Reasons, Preparation and Procedure For Conducting a Creatinine Clearance Test

Submitted on March 27, 2012

Creatinine Clearance Test

Creatinine is product of the breakdown of creatine phosphate, an important part of muscle tissues. This creatine is then passed into the blood, from which it is filtered out by the kidneys. Since the body produces the creatinine at a constant rate, any fluctuations in blood levels can indicate a problem with the kidney function. Typically, the creatinine clearance test compares creatinine levels in the urine to that in the blood. This test also helps to determine the filtration rate of the kidneys. The rate of flow of filtered fluids through the kidneys is measured using the glomerular filtration rate (GFR). There is a strong link between creatine clearance and eGFR (estimated GFR). This is because the creatinine clearance rate allows doctors to arrive at the eGFR by using standard formulas that include factors such as age, sex, weight, race, and height.

Why Is it Done?

A creatinine clearance test can be a very useful diagnostic tool in monitoring kidney function in patients known to have chronic kidney disease or cardiovascular conditions. This can help to decide when kidney dialysis is required for long-term care. It is also helpful in measuring the eGFR to determine if the kidneys are functioning properly and in determining renal failure in patients.

How To Prepare For It?

There are no special requirements, though some doctors may ask for a six-hour fast before the blood sample is taken. Patients will also need to bring a 24-hour urine sample. This consists of all the urine produced in the day and night leading up to the test.

How is it Done?

Blood samples are drawn using normal procedures, similar to those used in blood donation. The laboratory then measures creatinine levels in both - the blood and urine samples. The creatinine clearance rate values are then calculated, with healthy males usually showing values of 100 to 140 ml/min, while females show 90 to 130 ml/min. These values are then used to calculate the eGFR, which is a better indicator of kidney function since it includes several other factors such as age and race.

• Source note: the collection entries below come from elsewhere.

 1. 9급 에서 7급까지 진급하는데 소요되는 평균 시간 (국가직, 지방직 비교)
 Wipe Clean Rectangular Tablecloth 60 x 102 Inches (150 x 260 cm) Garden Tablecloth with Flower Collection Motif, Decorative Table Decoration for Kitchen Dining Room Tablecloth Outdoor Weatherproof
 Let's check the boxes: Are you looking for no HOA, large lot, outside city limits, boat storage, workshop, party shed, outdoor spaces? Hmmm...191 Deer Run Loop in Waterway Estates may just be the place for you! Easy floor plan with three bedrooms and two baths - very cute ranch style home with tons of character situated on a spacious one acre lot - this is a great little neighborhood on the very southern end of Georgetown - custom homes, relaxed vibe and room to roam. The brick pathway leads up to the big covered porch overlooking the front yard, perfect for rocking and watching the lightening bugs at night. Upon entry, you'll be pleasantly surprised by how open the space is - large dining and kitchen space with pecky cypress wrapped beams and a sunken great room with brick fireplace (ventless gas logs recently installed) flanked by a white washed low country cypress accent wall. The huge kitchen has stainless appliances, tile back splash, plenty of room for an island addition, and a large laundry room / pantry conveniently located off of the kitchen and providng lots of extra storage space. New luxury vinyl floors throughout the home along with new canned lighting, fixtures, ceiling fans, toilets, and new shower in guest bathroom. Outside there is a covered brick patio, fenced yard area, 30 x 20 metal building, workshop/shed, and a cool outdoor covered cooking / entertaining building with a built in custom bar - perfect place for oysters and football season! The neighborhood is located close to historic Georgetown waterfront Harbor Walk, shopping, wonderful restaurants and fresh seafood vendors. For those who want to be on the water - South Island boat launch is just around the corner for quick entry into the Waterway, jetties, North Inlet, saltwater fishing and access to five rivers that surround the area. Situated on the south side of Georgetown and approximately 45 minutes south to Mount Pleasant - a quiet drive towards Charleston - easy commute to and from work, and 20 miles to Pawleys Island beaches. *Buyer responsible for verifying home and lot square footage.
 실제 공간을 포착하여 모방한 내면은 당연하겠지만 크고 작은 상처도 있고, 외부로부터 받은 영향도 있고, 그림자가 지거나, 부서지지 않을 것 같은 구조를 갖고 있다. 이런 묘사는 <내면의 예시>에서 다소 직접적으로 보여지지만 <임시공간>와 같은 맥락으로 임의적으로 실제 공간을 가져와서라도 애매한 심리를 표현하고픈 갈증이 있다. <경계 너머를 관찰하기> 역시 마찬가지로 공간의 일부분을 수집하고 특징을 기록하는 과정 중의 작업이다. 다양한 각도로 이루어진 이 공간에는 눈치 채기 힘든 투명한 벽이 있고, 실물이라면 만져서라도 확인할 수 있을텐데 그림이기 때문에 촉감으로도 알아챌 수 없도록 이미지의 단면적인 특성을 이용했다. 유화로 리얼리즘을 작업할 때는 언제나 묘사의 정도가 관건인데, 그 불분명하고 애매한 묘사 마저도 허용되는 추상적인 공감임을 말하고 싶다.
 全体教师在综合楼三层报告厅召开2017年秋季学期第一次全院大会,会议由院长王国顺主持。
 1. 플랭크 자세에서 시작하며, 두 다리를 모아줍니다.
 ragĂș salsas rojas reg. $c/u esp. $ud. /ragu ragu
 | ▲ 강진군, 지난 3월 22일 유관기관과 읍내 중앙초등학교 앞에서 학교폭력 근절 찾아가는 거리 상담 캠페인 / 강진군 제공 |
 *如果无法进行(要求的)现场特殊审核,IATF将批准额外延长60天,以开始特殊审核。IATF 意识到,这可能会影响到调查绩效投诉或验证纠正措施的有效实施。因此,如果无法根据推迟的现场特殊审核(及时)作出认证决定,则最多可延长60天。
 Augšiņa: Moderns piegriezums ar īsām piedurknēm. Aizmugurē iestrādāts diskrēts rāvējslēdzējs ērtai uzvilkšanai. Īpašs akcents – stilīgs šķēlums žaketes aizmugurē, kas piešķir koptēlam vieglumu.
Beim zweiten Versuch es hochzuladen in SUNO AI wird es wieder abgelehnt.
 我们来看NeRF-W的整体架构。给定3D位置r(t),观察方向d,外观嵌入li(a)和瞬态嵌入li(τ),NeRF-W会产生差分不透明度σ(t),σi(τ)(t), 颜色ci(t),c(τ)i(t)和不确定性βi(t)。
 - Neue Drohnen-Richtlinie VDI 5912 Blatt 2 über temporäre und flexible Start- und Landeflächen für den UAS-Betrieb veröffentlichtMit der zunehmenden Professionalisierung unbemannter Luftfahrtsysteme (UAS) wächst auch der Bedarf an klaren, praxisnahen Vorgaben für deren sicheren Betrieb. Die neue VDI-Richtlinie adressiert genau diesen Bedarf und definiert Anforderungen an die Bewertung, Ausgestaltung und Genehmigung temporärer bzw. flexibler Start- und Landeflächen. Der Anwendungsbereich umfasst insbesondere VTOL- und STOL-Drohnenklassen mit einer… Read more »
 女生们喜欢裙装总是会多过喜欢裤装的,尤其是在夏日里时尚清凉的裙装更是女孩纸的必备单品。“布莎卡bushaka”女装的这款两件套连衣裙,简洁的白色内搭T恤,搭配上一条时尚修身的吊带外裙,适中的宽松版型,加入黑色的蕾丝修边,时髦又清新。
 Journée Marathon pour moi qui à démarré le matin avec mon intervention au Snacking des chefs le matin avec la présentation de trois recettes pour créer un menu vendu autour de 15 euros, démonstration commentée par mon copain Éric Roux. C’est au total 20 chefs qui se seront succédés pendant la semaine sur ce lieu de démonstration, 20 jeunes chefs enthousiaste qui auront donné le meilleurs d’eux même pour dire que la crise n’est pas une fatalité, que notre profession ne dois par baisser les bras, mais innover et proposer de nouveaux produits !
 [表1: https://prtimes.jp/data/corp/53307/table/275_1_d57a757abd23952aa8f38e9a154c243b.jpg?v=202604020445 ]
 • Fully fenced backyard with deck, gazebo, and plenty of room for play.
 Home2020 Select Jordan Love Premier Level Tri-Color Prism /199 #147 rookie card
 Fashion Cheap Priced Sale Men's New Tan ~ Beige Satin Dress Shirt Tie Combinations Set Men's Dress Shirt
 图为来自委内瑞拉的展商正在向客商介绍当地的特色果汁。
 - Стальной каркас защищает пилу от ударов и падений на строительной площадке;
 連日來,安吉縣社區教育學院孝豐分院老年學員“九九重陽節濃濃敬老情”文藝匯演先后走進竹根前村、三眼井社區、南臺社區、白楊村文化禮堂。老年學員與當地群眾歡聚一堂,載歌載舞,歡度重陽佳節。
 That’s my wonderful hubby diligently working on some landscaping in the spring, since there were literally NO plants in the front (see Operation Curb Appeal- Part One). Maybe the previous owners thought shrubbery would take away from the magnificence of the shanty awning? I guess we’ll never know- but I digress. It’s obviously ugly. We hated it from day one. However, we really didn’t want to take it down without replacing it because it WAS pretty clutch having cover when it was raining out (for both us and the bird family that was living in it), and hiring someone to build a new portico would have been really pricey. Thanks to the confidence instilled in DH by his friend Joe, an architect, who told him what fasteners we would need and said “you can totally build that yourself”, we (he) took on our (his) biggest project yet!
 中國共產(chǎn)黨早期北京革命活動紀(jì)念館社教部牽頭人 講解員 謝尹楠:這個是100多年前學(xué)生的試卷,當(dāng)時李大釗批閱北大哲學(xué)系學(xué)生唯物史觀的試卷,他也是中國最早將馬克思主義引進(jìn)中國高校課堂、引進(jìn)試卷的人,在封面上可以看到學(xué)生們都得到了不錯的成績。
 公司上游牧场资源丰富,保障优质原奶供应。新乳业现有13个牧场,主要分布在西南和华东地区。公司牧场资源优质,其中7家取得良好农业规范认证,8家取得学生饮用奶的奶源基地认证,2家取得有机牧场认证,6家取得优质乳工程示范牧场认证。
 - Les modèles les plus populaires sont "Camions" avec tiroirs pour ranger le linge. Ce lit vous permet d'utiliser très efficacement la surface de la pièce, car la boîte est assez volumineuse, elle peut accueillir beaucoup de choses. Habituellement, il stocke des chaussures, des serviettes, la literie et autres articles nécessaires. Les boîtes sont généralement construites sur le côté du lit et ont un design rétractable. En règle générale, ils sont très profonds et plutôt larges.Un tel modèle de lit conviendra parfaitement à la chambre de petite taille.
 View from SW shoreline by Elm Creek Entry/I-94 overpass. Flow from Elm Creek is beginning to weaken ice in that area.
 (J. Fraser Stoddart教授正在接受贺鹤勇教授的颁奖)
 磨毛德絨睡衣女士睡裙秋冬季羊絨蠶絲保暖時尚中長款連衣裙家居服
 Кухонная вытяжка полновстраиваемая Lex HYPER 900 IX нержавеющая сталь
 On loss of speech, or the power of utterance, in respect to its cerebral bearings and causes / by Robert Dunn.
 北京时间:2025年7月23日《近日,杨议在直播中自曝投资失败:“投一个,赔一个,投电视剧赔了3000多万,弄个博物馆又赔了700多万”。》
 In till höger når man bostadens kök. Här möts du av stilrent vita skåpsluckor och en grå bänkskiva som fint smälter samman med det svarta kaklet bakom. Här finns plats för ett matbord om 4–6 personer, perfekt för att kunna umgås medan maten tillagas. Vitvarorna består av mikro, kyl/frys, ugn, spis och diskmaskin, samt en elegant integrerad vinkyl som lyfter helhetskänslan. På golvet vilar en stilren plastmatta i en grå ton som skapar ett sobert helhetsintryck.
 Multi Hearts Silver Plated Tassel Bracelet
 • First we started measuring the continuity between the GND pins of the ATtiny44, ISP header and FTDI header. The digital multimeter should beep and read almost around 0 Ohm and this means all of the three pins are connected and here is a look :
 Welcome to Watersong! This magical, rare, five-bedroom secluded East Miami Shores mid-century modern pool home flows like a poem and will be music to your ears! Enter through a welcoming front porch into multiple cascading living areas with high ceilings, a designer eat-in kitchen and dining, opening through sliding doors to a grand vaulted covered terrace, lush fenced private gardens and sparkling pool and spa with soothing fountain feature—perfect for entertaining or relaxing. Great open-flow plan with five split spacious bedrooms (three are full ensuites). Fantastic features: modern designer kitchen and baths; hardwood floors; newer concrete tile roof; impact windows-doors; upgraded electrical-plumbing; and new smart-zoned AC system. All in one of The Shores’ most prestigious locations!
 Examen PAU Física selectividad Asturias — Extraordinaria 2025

According to the National Kidney Foundation (NKF), normal eGFR values lie between 90 to 120 ml/min. A test result of below 60 ml/L indicates some level of kidney damage, while a level below 20 ml/min usually indicates renal failure. However, certain conditions such as pregnancy can cause a slight increase in eGFR values. If these values are abnormal, you may be advised to undergo a more accurate measured clearance test to arrive at the actual GFR.